In 2005, IU Smoking Survey participants (ages 32–42) who had adolescent children (ages 10–18) were recruited, with one of their children and their spouses/partners, into an 18-month longitudinal study (N = 1335 families, i.e., one adolescent child + one or both parents). Participants were paid $25 for their participation. For the current analysis, we selected all adolescents who reported not smoking at Time 1, in order to study smoking initiation (N = 921 families). Only participants with a Time 2 report of child smoking status were selected (N = 785 families).
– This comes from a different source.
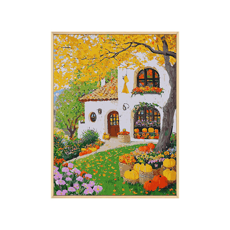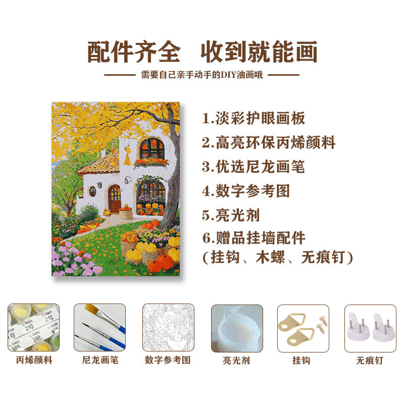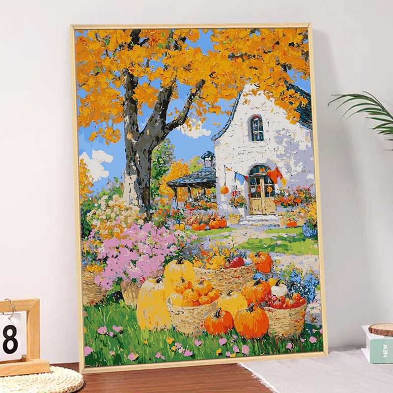📚 治愈秋日丰收风景diy数字油画填充手绘填色打发时间丙烯装饰挂画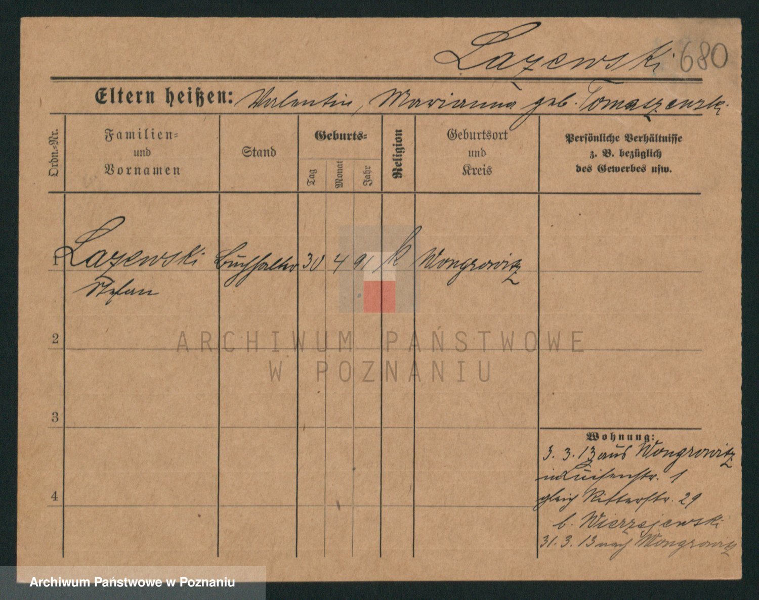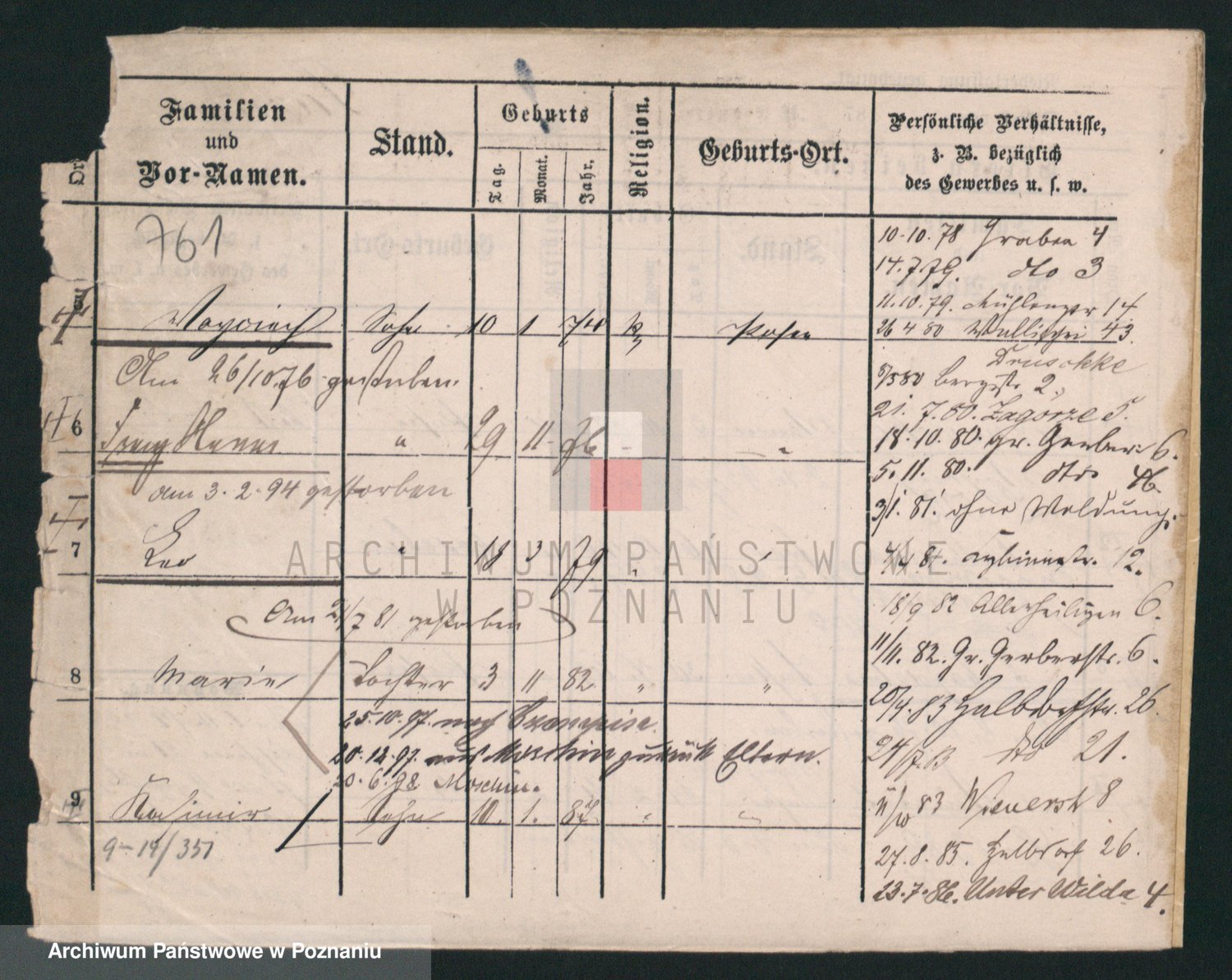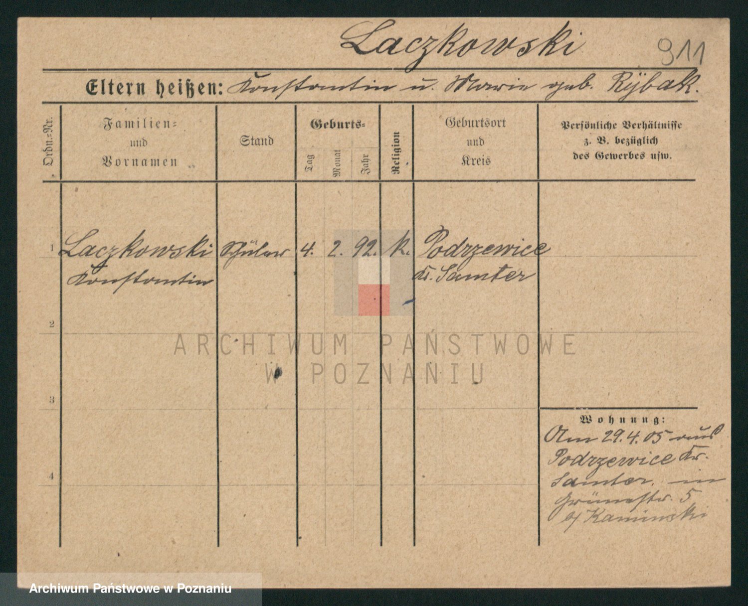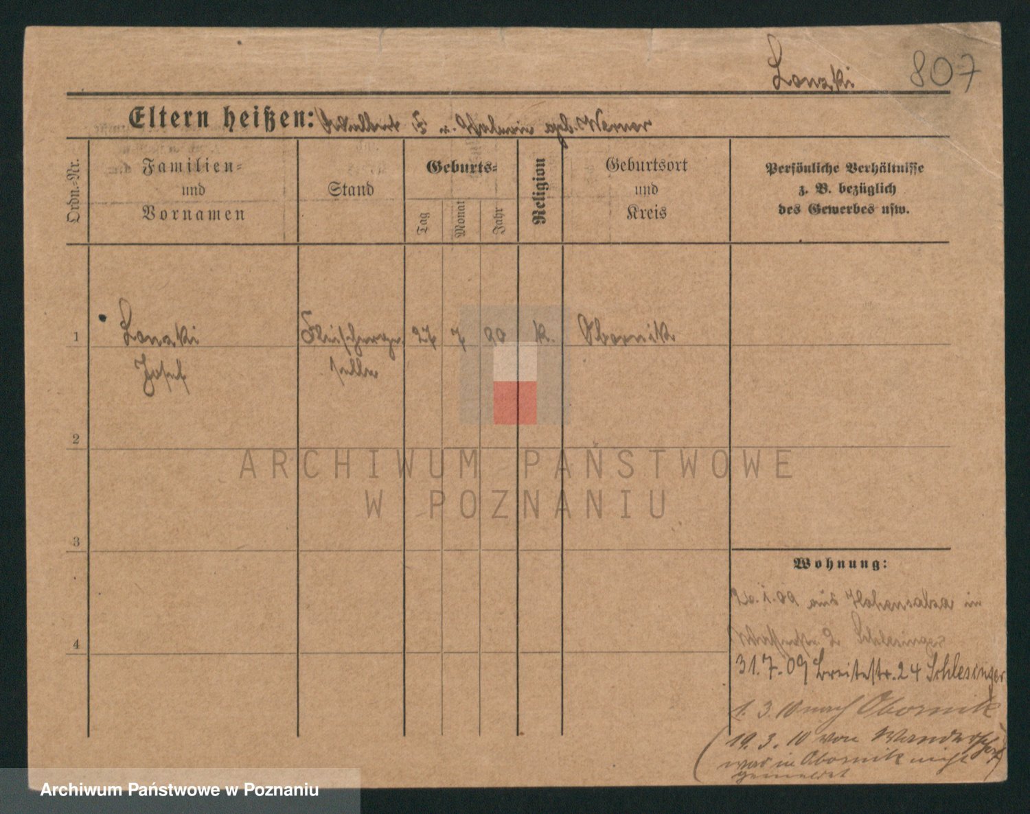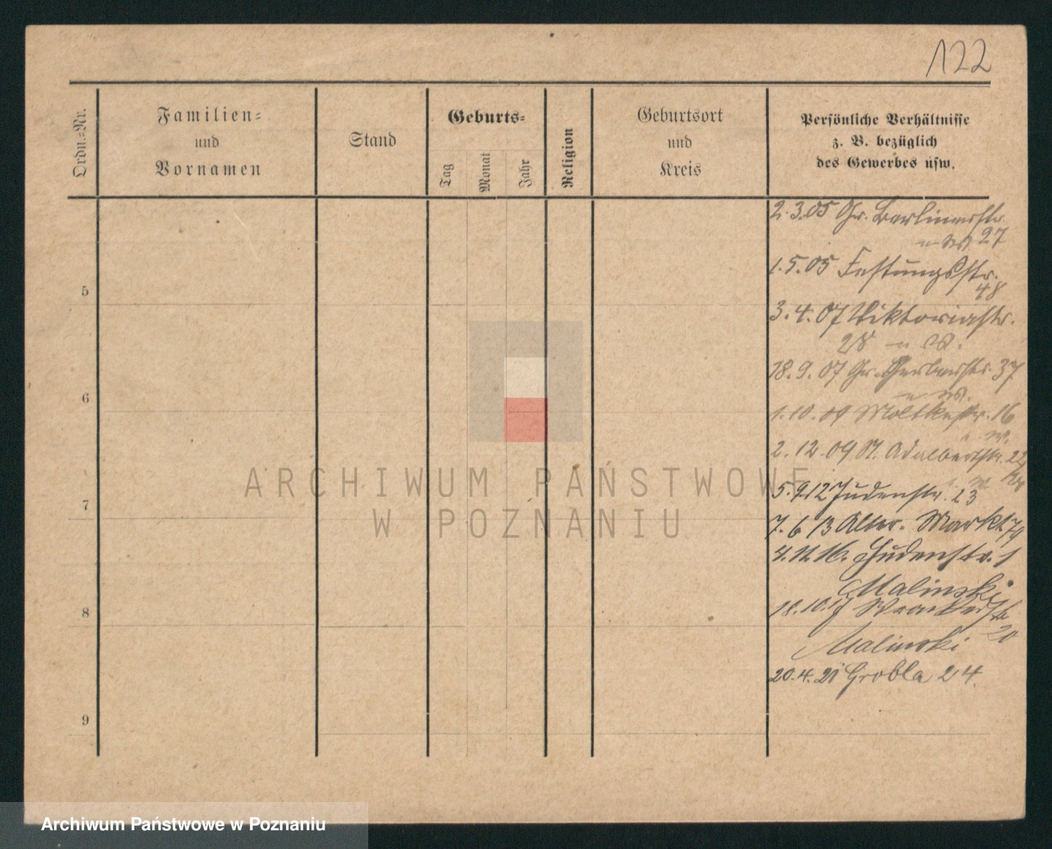 Podgląd karty osobowej dostępny jest po kliknięciu na nazwisko lub ikonkę karty. Można dokonywać powiększenia (ikony na górze) lub przechodzić między kolejnymi skanami (strzałki po bokach).

At the 18 month follow up, 85.2% of these adolescents were retained. To reduce age heterogeneity, only child participants between the ages of 11 and 16 were selected (final N = 764 families; 394 boys, 370 girls), with 91.6% of participants being White non Hispanic, 51.6% being male, and participants having a median age of 13.27 years at Time 1. It should be noted that child age correlated less than .09 with child depression and ADHD and only .23 with initiation of smoking for the sample used in the present analyses.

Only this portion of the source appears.